赤秋の恋(美咲)
もえは母親の手で育てられた。母親はもえを20歳で産み、その1年後には離婚した。結婚はしないものの、妹が産まれた。もえがその妹と父親が違うことを知ったのは大学に入学するときであった。もえはそんな母の血を受け継いでいると自覚していた。それは無理にそんな風に思い込んだのかもしれない。
小さなころ父親のような男が何人かいたことが、もえは不思議でたまらなかった。さすがに、小学校に入ると、母親は家に男を連れてくることはしなかった。高校を中退した母親が、生きるために、働いている姿が次第に哀れに感じたのは、もえが高校生になってからだった。酒の匂いが1日中していたのだ。36歳と若いし、美人と言われてもいた。でも、学歴がないために、生活していくだけの収入を得るには、水商売だけだったのだ。
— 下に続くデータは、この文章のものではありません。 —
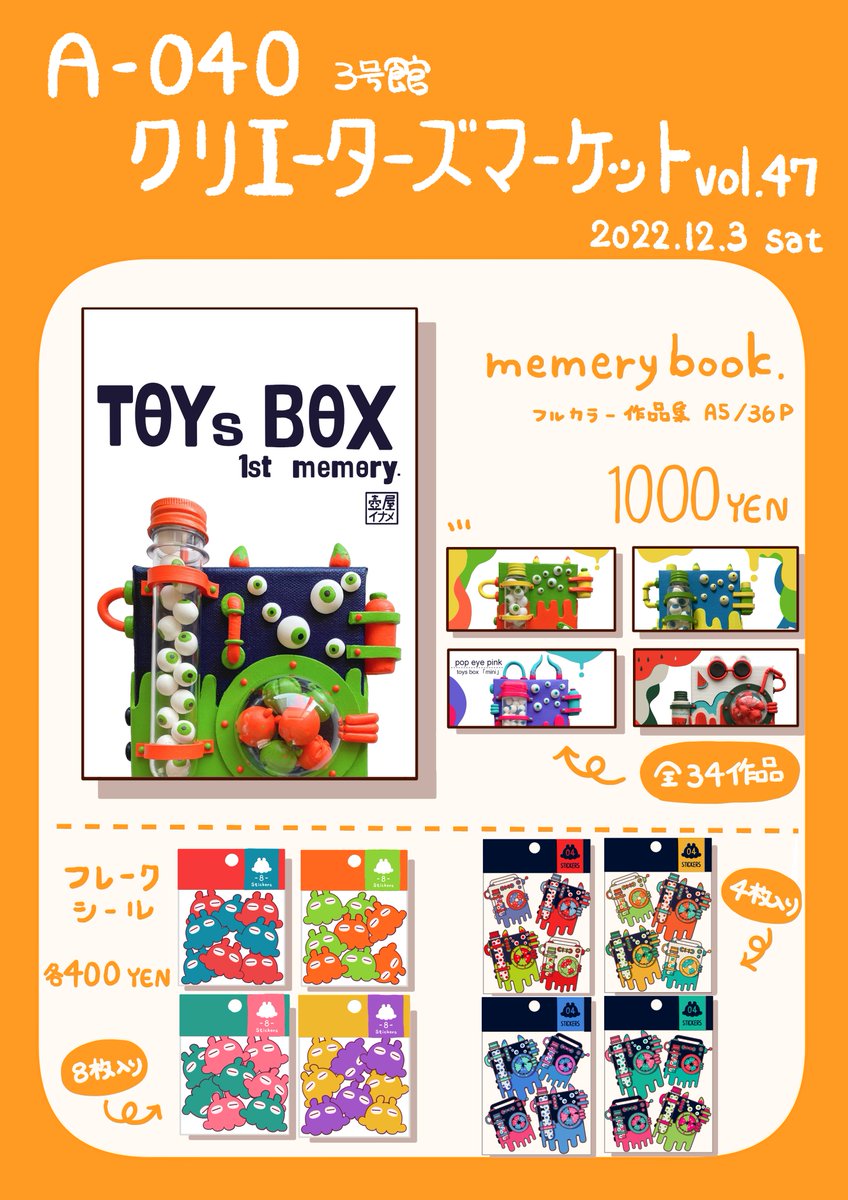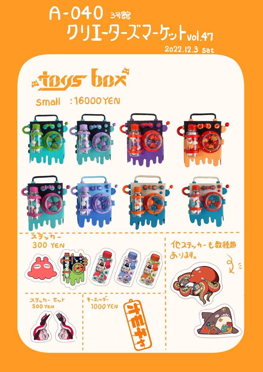 クリエーターズマーケット47に出展します! ブース番号:A-040 出展日:12/3(土) 出展名:壺屋のおもちゃ屋 飾って楽しむおもちゃ「toys box」を作っています💨 クリマ初参戦です!ぜひ遊びに来て下さい! #クリエーターズマーケット #クリマ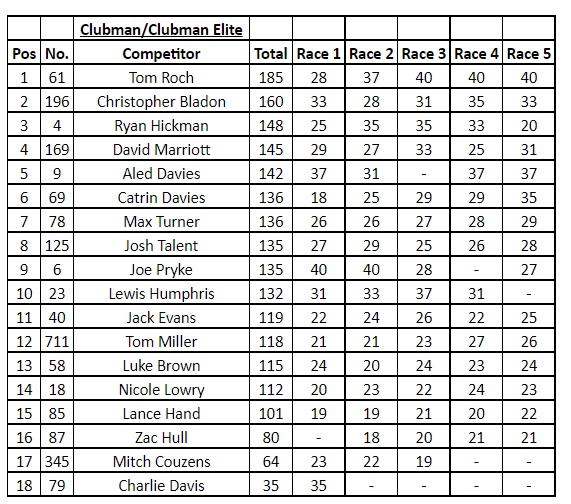 The Clubman Elite and Clubman classes raced together. They also had three races on Saturday and another two on Sunday. Joe Pryke took two wins on day one, but it was Tom Roch who took the overall win with good races finished all weekend and three great wins. Christopher Bladon took second overall.

美人であるがゆえに、もえの母百合は楽をして金を得る道を選んだのだが、それには、高校中退では、たとえ能力があっても、事務員で雇ってくれる会社はなかったのだ。百合は珠算は1級であり、簿記も2級を持っていたのだ。だが高校中退の経歴は、素行不良とみなされてしまう。もちろん、そうなのかも知れないが、百合は圭を心から好きであった。その交際を生徒指導の教師から咎められ、無視したために停学となり、その謹慎処分の時に、圭といたことが判り、退学となったのだ。もちろん、転校の道もあったのだが、圭も退学して、2人で東京に行ったのだった。
2人のことはここでは省くことにするが、それなりの行動を起こすにはそれなりの理由があるのだ。ただ、百合はもえにその自分の行動が、影響を与えることには無関心であったわけではなかった。自分のしていることが良いとは思ってはいなかった。しかし、他の仕事では満足に生活はできないのだ。
もえが高校生になり、百合は水商売から足を洗ったのだ。もえに肩身の狭い思いをさせたくはなかったのだ。しかし、。その代償は大きな収入減となった。ドラッグストアの社員となったのだが、給与は20万円ほどであった。
もえが大学に進学したいということは、高校入学時から分かっていた。県立の進学校である。就職する生徒はほとんどいないからだ。
百合は夜はコンビニでバイトも始めた。もえには希望の大学に進学させてやりたかったのだ。